Does speech brain allow vocal recognition of phonemes?


With my lab, we want to develop tests that use vocal recognition in order to diagnose dyslexia in children. Chilren will be asked to read aloud a list of words and pseudo words and we want our speech recognition tool to be able to transcript what has been said by the child, even if he/she made some errors.
As an example, if the child correctly read the pseudo word ‘stet’, we want the tool to recognize it as ‘stet’ and make a difference with the real words ‘step’ or ‘set’ that can also be included in the task. On the other hand, if the child read the word ‘nerve’ as ‘nevre’, we also want the tool to recognize that what has been read was ‘nevre’ and not ‘nerve’.
That’s why we are looking for a framework we could use for phoneme recognition. Would it be possible to do it with speech brain?

Thank you for your answer


I’m pretty that you can train a phoneme recogniser with almost any available dataset as long as you have a correct phonetizer. @lugosch might know more about this.

For this particular use case, I think your best bet would be Allosaurus: GitHub - xinjli/allosaurus: Allosaurus is a pretrained universal phone recognizer for more than 2000 languages

(SpeechBrain does have a basic forced aligner, but it assumes that the speaker has correctly used one of the pronunciations for the word listed in the lexicon, which is not your use case.)

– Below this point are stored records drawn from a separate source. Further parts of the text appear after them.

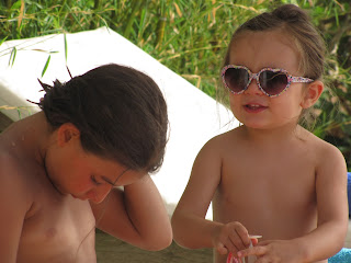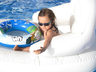 Vamos todos os dias para a praia e para a piscina juntos. No sábado estivemos todos a festejar o aniversário do vovô Mi e graças à boia da Matilde já sabes nadar. Sentias-te muito presa com o colete. Agora até queres nadar sozinha na piscina e vais para a parte funda no entanto sempre com a mamã ao teu lado. Já estás tão confiante que até deste uma cambalhota e deste um mergulho. Ainda bem que estávamos muitos à tua volta. Durante uns minutos não quiseste voltar à piscina, mas rapidamente perdeste o medo.
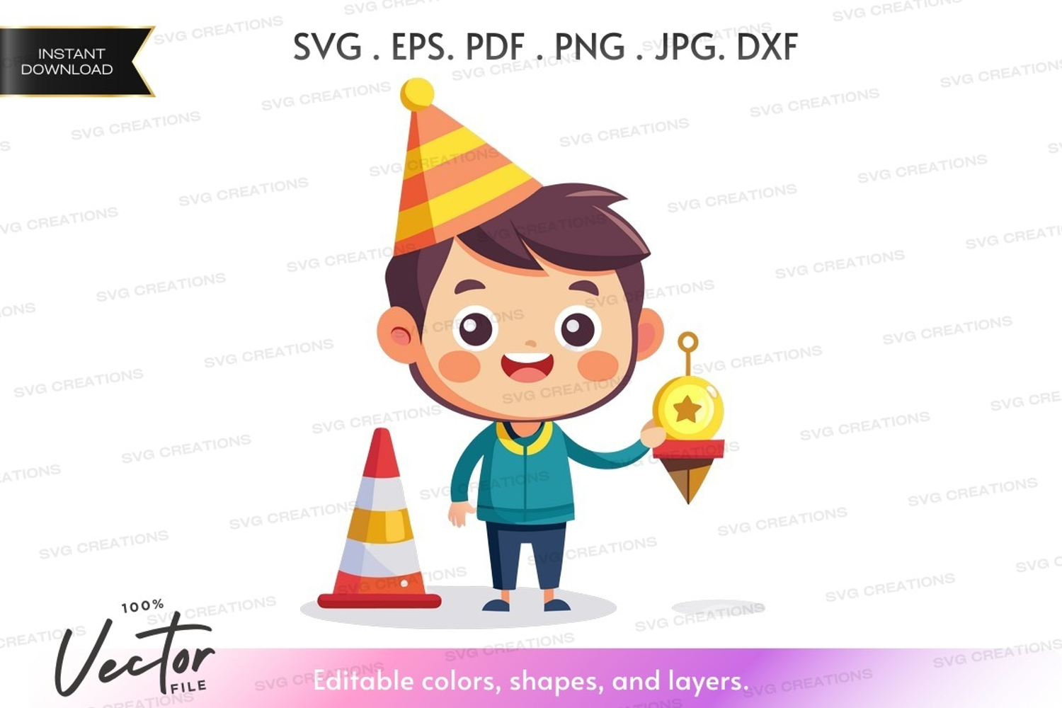 Child Cartoon Celebration Hat Construction Star Vector Clipart Trophy Traffic Cone
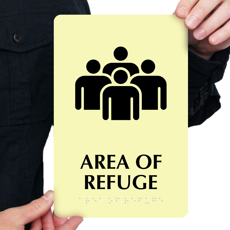 9" x 6" Glow-in-the-Dark TactileTouchâ„¢ Sign with Braille: Area Of Refuge (with Muster Point Pictogram) SB-0338G Learn More...
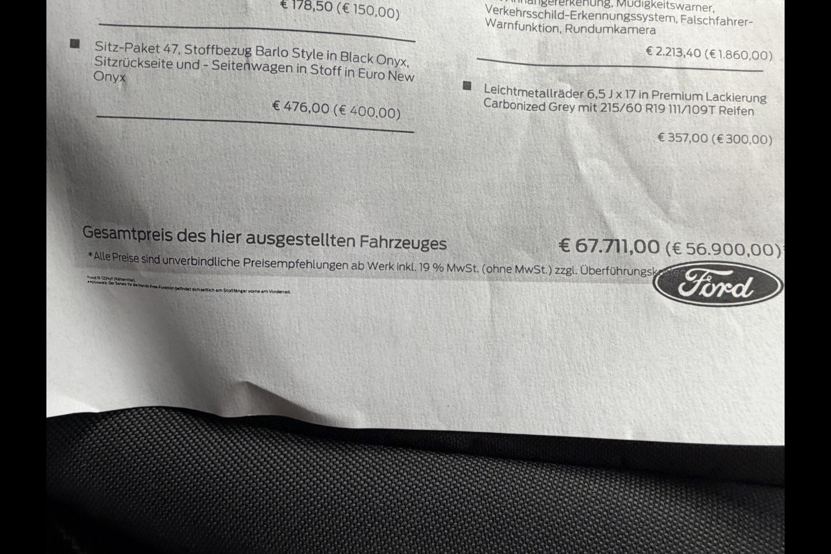 De geavanceerde technologie in deze Ford is in staat om onderweg het verkeer om u heen te monitoren en er op te reageren. Zo hebt u als het ware een automatische co-piloot aan boord. Bij de veiligheidssystemen van deze Ford hoort ook de verkeersbord-detectie. Die leest tijdens het rijden als het ware met u mee en attendeert u op de significante verkeersborden langs en boven de weg. Ongemerkt buiten de rijstrook raken? Nee hoor, het Lane-keeping systeem waarschuwt en corrigeert. Als een fiets of ander voertuig zich in de dode hoek bevindt, waarschuwt het actieve dodehoekdetectie. Dit helpt ernstige ongelukken voorkomen. Verder is deze auto uitgerust met forward collision warning system, hill hold functie, autonoom remsysteem en bandenspanningcontrolesysteem.

More generally, for others who want train your own phoneme recognizer, you would need either:

  1. audios labeled with phoneme sequences, in which case you could train a model very easily by modifying our TIMIT recipe or any CTC recipe—though note that there are very few datasets labeled with phonemes.


  1. audios labeled with transcripts and a lexicon (= a pronunciation dictionary with one or more phoneme sequences for each word). It’s not a straightforward one-to-one mapping between the transcript and the phoneme sequence for a given utterance because each word typically has multiple possible pronunciations, and there may or may not be silence between each pair of consecutive words, so you need to run forced alignment to get the sequence of phoneme labels for an utterance (set up a chain of HMMs with each possible pronunciation for each word of the sentence and run the Viterbi algorithm to find the most likely sequence of pronunciations). We have a forced alignment recipe for TIMIT: speechbrain/recipes/TIMIT/Alignment at develop · speechbrain/speechbrain · GitHub

Thanks a lot for all these advices, we will have a look.

Hi lugosch,
Thanks for sharing this phoneme detection model.
Do you know any model that does the same thing for live audio? Or are there any tutorials/materials on training such a model?

1 Like

Thank you so much for this information

Can I use forced alignment recipe for TIMIT with AISHELL-1?

Or the dataset should have a phoneme transcription as well?